Kinetic microplate assay reveals lethal and sub-lethal behavior of antimicrobials immobilized on solid substrates
Joint Conference on GLOBAL APPLIED MICROBIOLOGY CONFERENCE & International Congress on MICROBIAL & BIOCHEMICAL RESEARCH AND TECHNOLOGIES
October 18-19, 2017 Toronto, Canada
US Army Soldier Natick Research Development and Engineering Center, USA
Scientific Tracks Abstracts : Microbiology: Current Research
Statement of the Problem: Immobilization of antimicrobials onto surfaces is of great interest, although characterization of activity can be problematic. Traditional assays are designed for determining solution based antimicrobial activity and is incompatible with solid substrates. Methodology & Theoretical Orientation: A kinetic microplate method was developed to determine the minimum bactericidal concentration (MBC) of the immobilized antimicrobial peptides SMAP and Cecropin P1 through a combination and modification of traditional solution assays, overcoming the difficulties of working with a solid substrate. The microplatebased kinetic assay was used to measure various peptide dose and time-dependent activity at multiple concentrations; viable plate counts were used to determine bactericidal activity and correlated to the kinetic assay results. Findings: Immobilized peptide activity against both Grampositive and Gram-negative bacteria has been demonstrated, including Acinetobacter baumannii, Bacillus anthracis sterne and Staphylococcus aureus, and correlated to viable plate count results. Compared to peptides in solution, a combination of increased concentration and longer exposure time was required for activity. Immobilized peptide potency was cell–dependent; however, the peptides exhibited activity for all organisms in a dose-dependent manner, reaching a critical concentration that resulted in complete inhibition. The role of immobilized peptide orientation relative to the solid substrate revealed that orientation is critical to activity. Conclusion & Significance: This assay successfully determined activity on magnetic beads and planar glass substrates; other substrates such as antimicrobial textiles could also be characterized with this technique. Furthermore, the method yields information regarding sub-lethal concentrations not realized in the traditional assays. This kinetic microplate assay is also useful for testing antimicrobial formulations and reveals both synergistic and antagonistic interactions against clinical isolates and biothreat agents.
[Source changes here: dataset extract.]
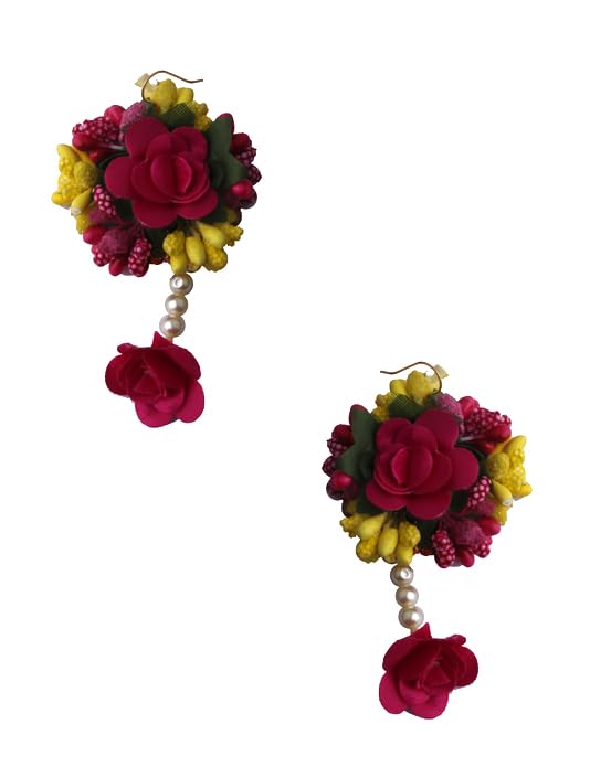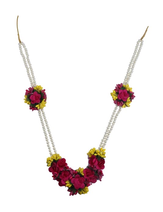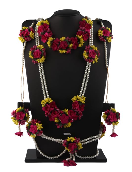 Anuradha Plus presents Pink and Yellow Colour bridal jewellery set for haldi ceremony and baby shower jewellery, if you are searching for flower jewellery then you are at the right place. We offer a wide collection flower jewellery. It consists of necklace, pair of maAPhing earrings, maang tika, single bajuband and pair of hath-phool. So order now!

Steven Arcidiacono has an MS in Microbiology, with significant contributions in the research areas of anaerobic fermentation, antimicrobials, and biopolymer fermentation/fiber spinning. His primary focuses encompass exploratory research and development studies in the following specific areas: 1) colonic fermentation for biotransformation of nutritional and polyphenolic compounds; 2) skin microorganism interaction when in co-culture; and 3) discovery of novel antimicrobials to combat multidrug resistant bacteria and fungi. His prior experience/programs include antimicrobial peptides for detection and microbial protection and aqueous spinning of biopolymers (naturally-derived crystallin proteins and recombinant spider silk). He is Author/Coauthor of >30 peer-reviewed manuscripts, book chapters, proceedings and conference articles (cited >1500 times), numerous presentations, and an inventor on two issued US patents and two patent applications.